Instructions to follow:
Retype exactly what appears below from the line containing "Kamis, 5 Maret" down to the line containing "Etui do iPhone", keeping both end lines. Do not include pictures.

(Records to use begins)

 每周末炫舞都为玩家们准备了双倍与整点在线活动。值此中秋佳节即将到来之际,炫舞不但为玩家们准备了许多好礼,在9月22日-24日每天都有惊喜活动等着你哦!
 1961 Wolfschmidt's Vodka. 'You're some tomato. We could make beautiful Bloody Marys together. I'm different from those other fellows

(Records to use ends)
(Records to use begins)

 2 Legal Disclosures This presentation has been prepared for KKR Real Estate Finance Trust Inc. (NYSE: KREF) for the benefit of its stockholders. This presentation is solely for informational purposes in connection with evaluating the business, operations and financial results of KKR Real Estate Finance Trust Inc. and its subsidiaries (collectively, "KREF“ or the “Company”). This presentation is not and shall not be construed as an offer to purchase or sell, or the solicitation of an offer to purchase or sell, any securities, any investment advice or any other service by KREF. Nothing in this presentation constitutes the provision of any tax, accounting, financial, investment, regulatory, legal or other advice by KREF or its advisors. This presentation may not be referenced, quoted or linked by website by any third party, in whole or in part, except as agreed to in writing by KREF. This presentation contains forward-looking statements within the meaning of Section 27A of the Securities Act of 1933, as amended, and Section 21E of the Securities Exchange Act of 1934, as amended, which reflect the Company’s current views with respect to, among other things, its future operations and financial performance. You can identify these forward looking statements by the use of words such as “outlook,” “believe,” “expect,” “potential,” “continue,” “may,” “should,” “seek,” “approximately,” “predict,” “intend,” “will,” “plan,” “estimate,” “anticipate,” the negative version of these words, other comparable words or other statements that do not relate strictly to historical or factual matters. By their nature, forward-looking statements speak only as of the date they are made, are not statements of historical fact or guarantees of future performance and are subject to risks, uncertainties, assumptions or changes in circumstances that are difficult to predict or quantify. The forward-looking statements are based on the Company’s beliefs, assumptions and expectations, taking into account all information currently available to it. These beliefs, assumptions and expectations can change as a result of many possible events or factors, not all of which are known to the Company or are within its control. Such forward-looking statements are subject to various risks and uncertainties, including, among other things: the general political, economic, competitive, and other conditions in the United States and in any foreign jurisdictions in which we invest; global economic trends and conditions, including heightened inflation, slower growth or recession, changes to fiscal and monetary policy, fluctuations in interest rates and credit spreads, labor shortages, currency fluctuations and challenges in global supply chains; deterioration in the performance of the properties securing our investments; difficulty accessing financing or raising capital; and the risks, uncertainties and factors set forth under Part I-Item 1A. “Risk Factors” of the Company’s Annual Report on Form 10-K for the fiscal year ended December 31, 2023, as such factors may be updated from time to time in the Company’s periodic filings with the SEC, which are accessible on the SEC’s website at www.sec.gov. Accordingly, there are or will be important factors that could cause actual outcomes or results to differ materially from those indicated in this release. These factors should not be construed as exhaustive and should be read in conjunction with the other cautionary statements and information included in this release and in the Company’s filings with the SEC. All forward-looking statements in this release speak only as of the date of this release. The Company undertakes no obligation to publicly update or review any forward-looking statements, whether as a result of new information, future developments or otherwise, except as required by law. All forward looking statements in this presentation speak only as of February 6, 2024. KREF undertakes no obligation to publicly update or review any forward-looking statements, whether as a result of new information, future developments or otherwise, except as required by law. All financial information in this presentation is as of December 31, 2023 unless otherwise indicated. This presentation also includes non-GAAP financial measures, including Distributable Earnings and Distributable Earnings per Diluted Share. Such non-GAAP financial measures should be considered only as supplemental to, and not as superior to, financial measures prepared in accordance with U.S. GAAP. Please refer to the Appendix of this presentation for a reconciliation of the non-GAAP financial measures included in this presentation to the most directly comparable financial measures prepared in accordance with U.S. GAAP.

(Records to use ends)
(Records to use begins)

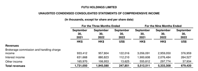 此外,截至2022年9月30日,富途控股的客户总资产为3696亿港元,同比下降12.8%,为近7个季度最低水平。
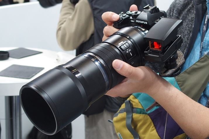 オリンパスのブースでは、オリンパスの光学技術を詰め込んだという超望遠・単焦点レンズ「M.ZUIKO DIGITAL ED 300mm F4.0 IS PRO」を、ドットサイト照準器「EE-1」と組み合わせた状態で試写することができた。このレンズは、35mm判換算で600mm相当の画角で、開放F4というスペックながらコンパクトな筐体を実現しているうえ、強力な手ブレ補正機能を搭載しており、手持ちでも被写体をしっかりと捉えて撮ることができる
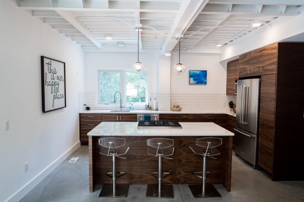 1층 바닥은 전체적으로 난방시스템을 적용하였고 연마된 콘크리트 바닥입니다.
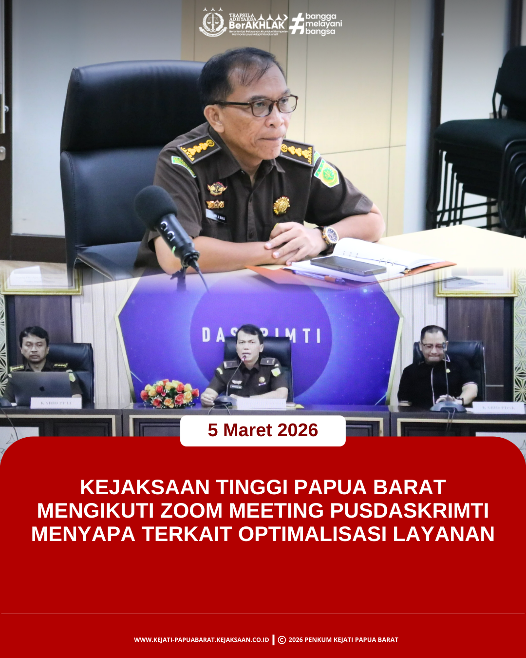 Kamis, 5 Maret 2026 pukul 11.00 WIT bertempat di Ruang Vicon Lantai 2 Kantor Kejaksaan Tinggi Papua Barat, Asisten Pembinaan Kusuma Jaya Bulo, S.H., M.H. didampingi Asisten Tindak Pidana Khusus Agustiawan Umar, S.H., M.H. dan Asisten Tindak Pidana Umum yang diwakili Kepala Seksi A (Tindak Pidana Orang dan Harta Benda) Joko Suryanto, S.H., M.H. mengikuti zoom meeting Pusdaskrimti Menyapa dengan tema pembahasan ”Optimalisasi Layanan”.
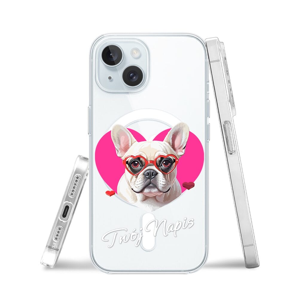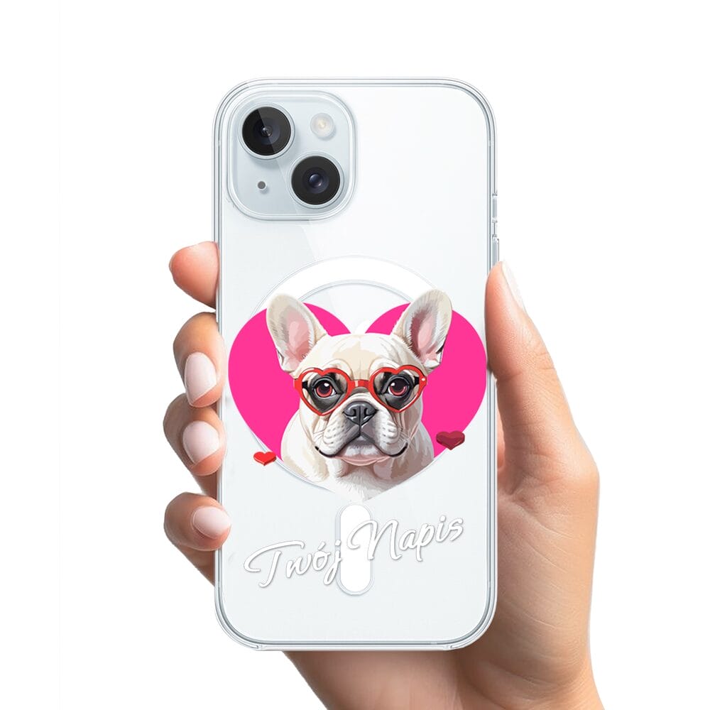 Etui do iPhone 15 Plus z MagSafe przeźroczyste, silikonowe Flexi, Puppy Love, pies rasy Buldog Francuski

(Records to use ends)

Exercise answer:
 Kamis, 5 Maret 2026 pukul 11.00 WIT bertempat di Ruang Vicon Lantai 2 Kantor Kejaksaan Tinggi Papua Barat, Asisten Pembinaan Kusuma Jaya Bulo, S.H., M.H. didampingi Asisten Tindak Pidana Khusus Agustiawan Umar, S.H., M.H. dan Asisten Tindak Pidana Umum yang diwakili Kepala Seksi A (Tindak Pidana Orang dan Harta Benda) Joko Suryanto, S.H., M.H. mengikuti zoom meeting Pusdaskrimti Menyapa dengan tema pembahasan ”Optimalisasi Layanan”.
 Etui do iPhone 15 Plus z MagSafe przeźroczyste, silikonowe Flexi, Puppy Love, pies rasy Buldog Francuski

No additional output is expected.